Wednesday, 4 May 2011

Creamed Tomatoes on Toast

This was inspired by a recipe in the Sunday Times Style Magazine over 10 years ago. It is something I used to make fairly frequently back when eating things like cream on a regular basis didn't go straight to my hips. This is the first time I've made it in over five years, as a starter when a friend came over for dinner. I'd forgotten how much I enjoyed eating it. I hope you'll enjoy it too, and not think too hard about the cream or your hips.


Ingredients (serves 4):
250ml single cream
3 garlic cloves
6 ripe plum tomatoes
10g fresh basil
salt and pepper
4 slices French campagne or sourdough

Method:
Preheat the oven to 180°C, then while the oven is heating up, pour the single cream into a saucepan.

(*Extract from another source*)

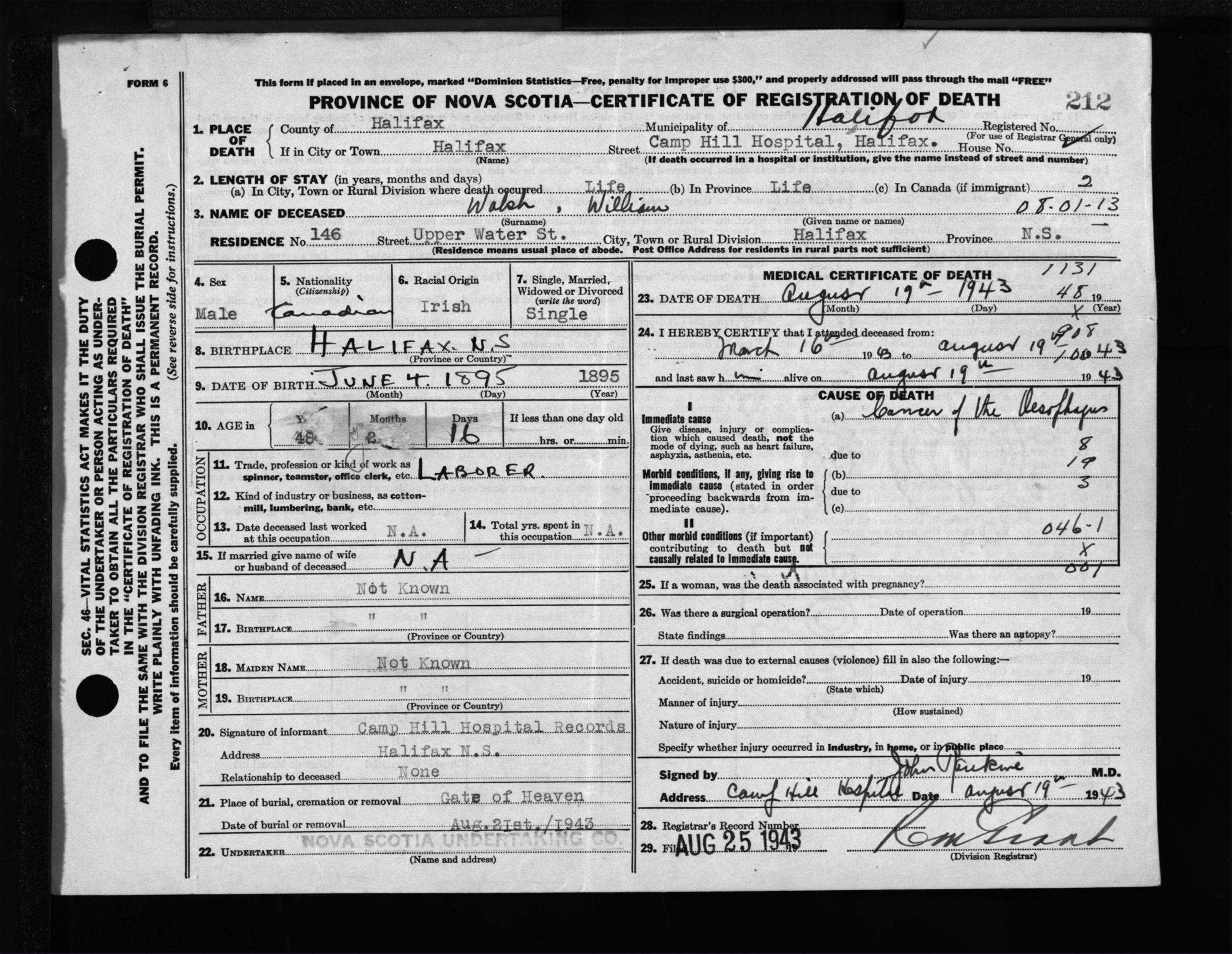 Male Death Registration: Year: 1943 file: 216 number: 212
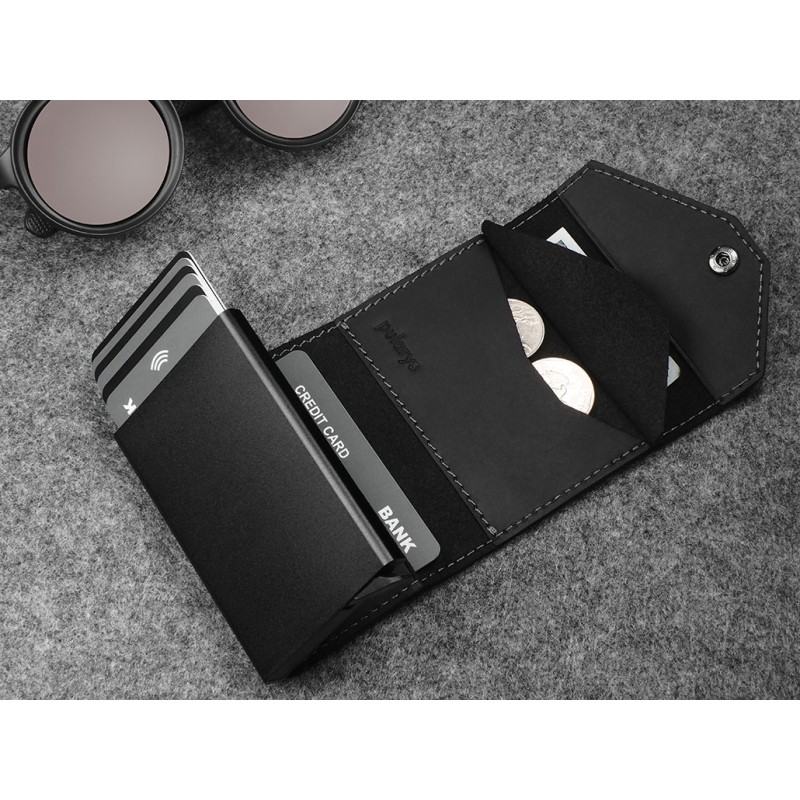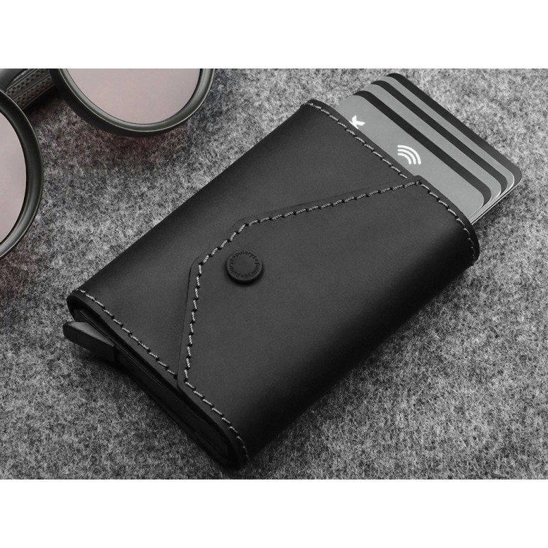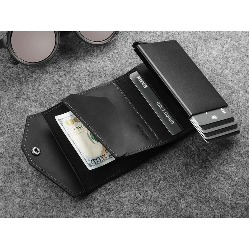 Amazingly capacious - will store many payment cards and documents. The special gradual ejection mechanism ensures quick and easy access to the cards. The elegant functionality of this wallet also includes an additional note pocket and a coin pocket. Thanks to the RFID technology used in its design, your sensitive data and credit card funds are completely safe and protected against unauthorised scanning or theft.

Crush in the garlic and shred the basil leaves then simmer until reduced by a third.

Slice the tomatoes in half lengthways and remove the seeds then put cut side facing up into a baking dish and season with a little salt and pepper. Pour the cream over the tomatoes and then bake in the oven for 20-25 minutes. 

Just before the tomatoes are ready, toast the bread, place on four plates then drizzle with a little olive oil. When the tomatoes are done, put three tomato halves on each slice, spoon any leftover cream in the baking dish over the top and serve.